Thursday, September 12, 2019

What We Lefties Want -- Only "The Last American Hero"


Raleigh News and Observer
The Blue Wave of 2018 in North Carolina was Christmas morning all over again. The lust for the ballot among Democrats and liberal-minded independents beat anything I've seen in a while. Yes, 2006 was an enthusiastic year too. So was 1990, with Harvey Gantt on the ballot against Jesse Helms. And 2008. But since 2008? Not so much … until Donald J. Trump became president. In 2018 we nailed a decade "high." The Gospel Truth: That Democratic surge must last through 2020, and any sign of waning enthusiasm, any slight drying up of the Democratic sap, worries the everlasting daylights out of me.
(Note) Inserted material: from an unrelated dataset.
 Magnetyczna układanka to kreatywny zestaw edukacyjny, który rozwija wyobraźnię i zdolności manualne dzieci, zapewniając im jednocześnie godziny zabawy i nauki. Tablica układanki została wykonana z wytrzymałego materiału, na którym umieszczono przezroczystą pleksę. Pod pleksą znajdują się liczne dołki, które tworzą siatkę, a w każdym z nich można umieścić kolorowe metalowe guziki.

I've heard or read, "Oh, the Blue Wave of 2018 played itself out, and Democratic enthusiasm for new elections and new candidates ain't what it used to be. And besides that, the Party's split between Biden conservatives and Bernie socialists, and they'll never reconcile. If the socialists gain the upper hand, you can kiss your 200-year-old Party goodbye." 
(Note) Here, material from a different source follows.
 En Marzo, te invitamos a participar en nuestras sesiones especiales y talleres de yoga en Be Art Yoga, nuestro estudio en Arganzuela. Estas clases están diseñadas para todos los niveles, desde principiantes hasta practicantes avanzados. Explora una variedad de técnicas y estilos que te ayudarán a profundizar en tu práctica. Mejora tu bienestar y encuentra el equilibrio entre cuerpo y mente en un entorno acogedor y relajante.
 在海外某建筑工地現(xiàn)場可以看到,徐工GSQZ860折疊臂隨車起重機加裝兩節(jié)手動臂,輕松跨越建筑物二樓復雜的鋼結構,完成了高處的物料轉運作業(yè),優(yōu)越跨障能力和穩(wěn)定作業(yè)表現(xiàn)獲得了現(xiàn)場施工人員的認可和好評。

You hear that in the mainstream press -- prophets and prognosticators trying to divine public moods. I actually agree with some of it, the potential for a split in the Party, but I still warm my fingers and toes at the smoldering fire, the group vow to defend democracy in this critical hour -- resist with everything we've got both the bunch running DeeCee and the bunch running Raleigh, no matter the hap. That lighter-knot of a hot coal is just waiting for some air.

The Dan McCready loss in the 9th CD special election wasn't a sign of Democratic dehydration to me. Oh, Democrats stayed home in droves, yes. Robeson County, majority Democrat by a wide margin, didn't turn out for McCready. That was the case in other counties. Would they have caught fire if the candidate wasn’t shy to strike sparks on the flintstone? Would they have turned out for a more progressive fighter? Would they have churned at the polls for the North Carolina version of Alexandria Ocasio-Cortez?

There's a whole wing of Democratic campaign operatives who preach moderation. Don't get too far out on any liberal limb because the Republicans will go apeshit and call you a "socialist" and cause moderate, rural Dems to turn away from you as a threat to their very way of life. Because they're capable of believing your average con artist.

Here's my beef with that version of reality: They're gonna label you, dear ole Democrat, no matter whether you fight on principle or not. And depending on the candidate, moderation becomes mildness, which projects weakness. Even in an ex-Marine. In his gingerly handling of issues big to Democrats, McCready always seemed to be dodging imaginary bullets. Nice guy. With nice-guy flexibility. 

I'm sorry it's happened, but the Trump model of bullying masculinity -- authoritarianism -- has demanded a manly and O make no mistake, womanly fortitude to resist, to take down the bully on the playground to save the littler kids. That's what Democrats want right now in a candidate for public office. And so do "soft" Republicans currently nauseous at the sight of Trump.

Here's what I've been leading up to…

Just when we might fall to worrying that Democratic enthusiasm is fading, the Republican bosses in Raleigh, the Moore-Berger duopoly, pull a breathtaking stunt that is so nakedly dishonest and unfair that it wakes thousands in an instant, reminds them what they're fighting for, and what against, and calls them to the ramparts to preserve any last vestige of honesty, fair-dealing, respect, a sense of ethics, any streak of humanity still remaining in the administration of our state's legislative body.

Progressives who've grown silent since 2018 are suddenly talking, shouting, on social media and in social gatherings. They're excited by a Deb Butler in the House, who became the instant Town Crier on alert yesterday morning, and got loud and stood in Speaker Tim Moore's metaphorical face. That's what we want to see. That's what we need, incidentally, in a U.S. senatorial candidate.

Ironically for the Republican bosses, the sneak vote on overriding the Governor's veto of the budget was the wind we needed to blow the smoldering coal back into life. When have the Republicans ever accurately calculated the public reaction to one of their power-grabs?

A NOTE ON MIXED METAPHORS
I am fully aware that the Blue Wave of paragraph one became the smoldering fire of paragraph three -- only to prove, O My Brethren, that I can miraculously combine fire and water.